I don't have visitors everyday now. I'll mention only the visits of Nicolas and Piotr Ignatievich. Nicolas comes to me usually on holidays, pretending to come on business, but really to see me. He is very hilarious, a thing which never happens to him in the winter.
"Well, what have you got to say?" I ask him, coming out into the passage.
"Your Excellency!" he says, pressing his hand to his heart and looking at me with a lover's rapture. "Your Excellency! So help me God! God strike me where I stand! Gaudeamus igitur juvenestus."
And he kisses me eagerly on the shoulders, on my sleeves, and buttons.
"Is everything all right over there?" I ask.
"Your Excellency! I swear to God...."
He never stops swearing, quite unnecessarily, and I soon get bored, and send him to the kitchen, where they give him dinner. Piotr Ignatievich also comes on holidays specially to visit me and communicate his thoughts to me. He usually sits by the table in my room, modest, clean, judicious, without daring to cross his legs or lean his elbows on the table, all the while telling me in a quiet, even voice what he considers very piquant items of news gathered from journals and pamphlets.
These items are all alike and can be reduced to the following type: A Frenchman made a discovery. Another--a German--exposed him by showing that this discovery had been made as long ago as 1870 by some American. Then a third--also a German--outwitted them both by showing that both of them had been confused, by taking spherules of air under a microscope for dark pigment. Even when he wants to make me laugh, Piotr Ignatievich tells his story at great length, very much as though he were defending a thesis, enumerating his literary sources in detail, with every effort to avoid mistakes in the dates, the particular number of the journal and the names. Moreover, he does not say Petit simply but inevitably, Jean Jacques Petit.
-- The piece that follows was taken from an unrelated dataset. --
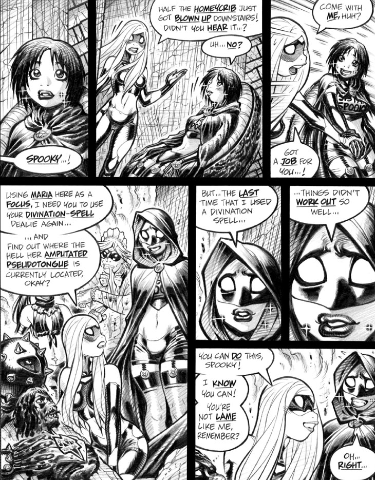 Panels 5-6: Remember, the last time Spooky used a divination spell was during the beginning of Empowered vol.5—and things undeniably did not work out terribly well by the end of the book. (“Three seconds too late” and all that.)

If he happens to stay to dinner, he will tell the same sort of piquant stories and drive all the company to despondency. If Gnekker and Liza begin to speak of fugues and counter-fugues in his presence he modestly lowers his eyes, and his face falls. He is ashamed that such trivialities should be spoken of in the presence of such serious men as him and me.
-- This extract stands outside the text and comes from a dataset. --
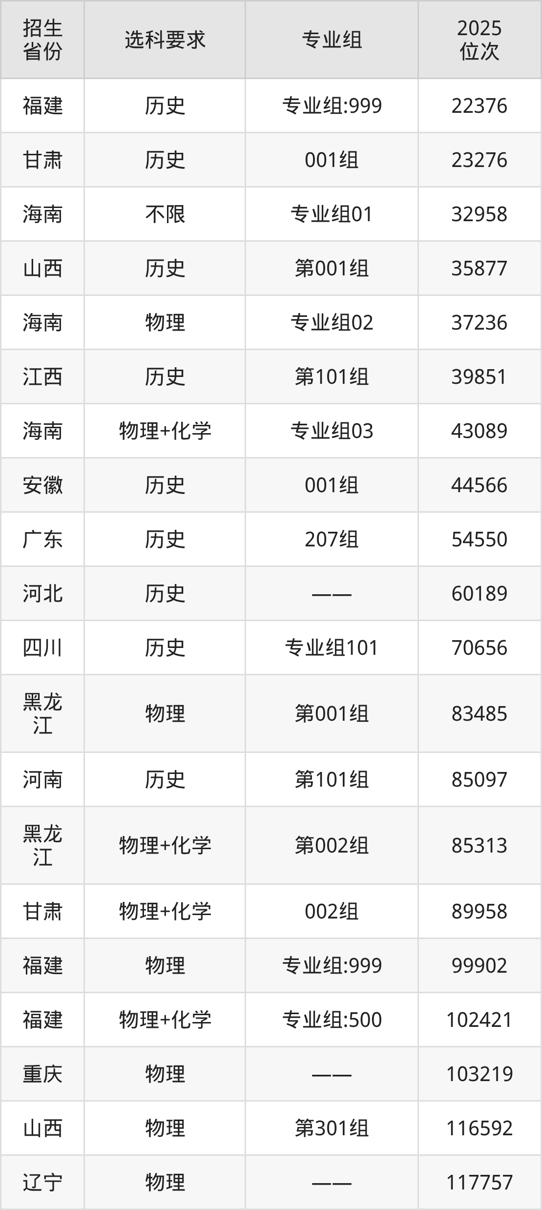 泉州信息工程學院2025年在全國各省的位次差異較大,最高位次是22376位(福建歷史類)、最低位次是352874位(山東)。各省具體位次請看下圖:

In my present state of mind five minutes are enough for him to bore me as though I had seen and listened to him for a whole eternity. I hate the poor man. I wither away beneath his quiet, even voice and his
## bookish language. His stories make me stupid.... He cherishes the
kindliest feelings towards me and talks to me only to give me pleasure. I reward him by staring at his face as if I wanted to hypnotise him, and thinking "Go away. Go, go...." But he is proof against my mental suggestion and sits, sits, sits....
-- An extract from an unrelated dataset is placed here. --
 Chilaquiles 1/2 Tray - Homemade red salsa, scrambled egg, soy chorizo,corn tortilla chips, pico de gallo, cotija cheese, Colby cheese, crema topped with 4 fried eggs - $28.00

While he sits with me I cannot rid myself of the idea: "When I die, it's quite possible that he will be appointed in my place." Then my poor audience appears to me as an oasis where the stream has dried, up, and I am unkind to Piotr Ignatievich, and silent and morose as if he were guilty of such thoughts and not I myself. When he begins, as usual, to glorify the German scholars, I no longer jest good-naturedly, but murmur sternly:
"They're fools, your Germans...."
It's like the late Professor Nikita Krylov when he was bathing with Pirogov at Reval. He got angry with the water, which was very cold, and swore about "These scoundrelly Germans." I behave badly to Piotr Ignatievich; and it's only when he is going away and I see through the window his grey hat disappearing behind the garden fence, that I want to call him back and say: "Forgive me, my dear fellow."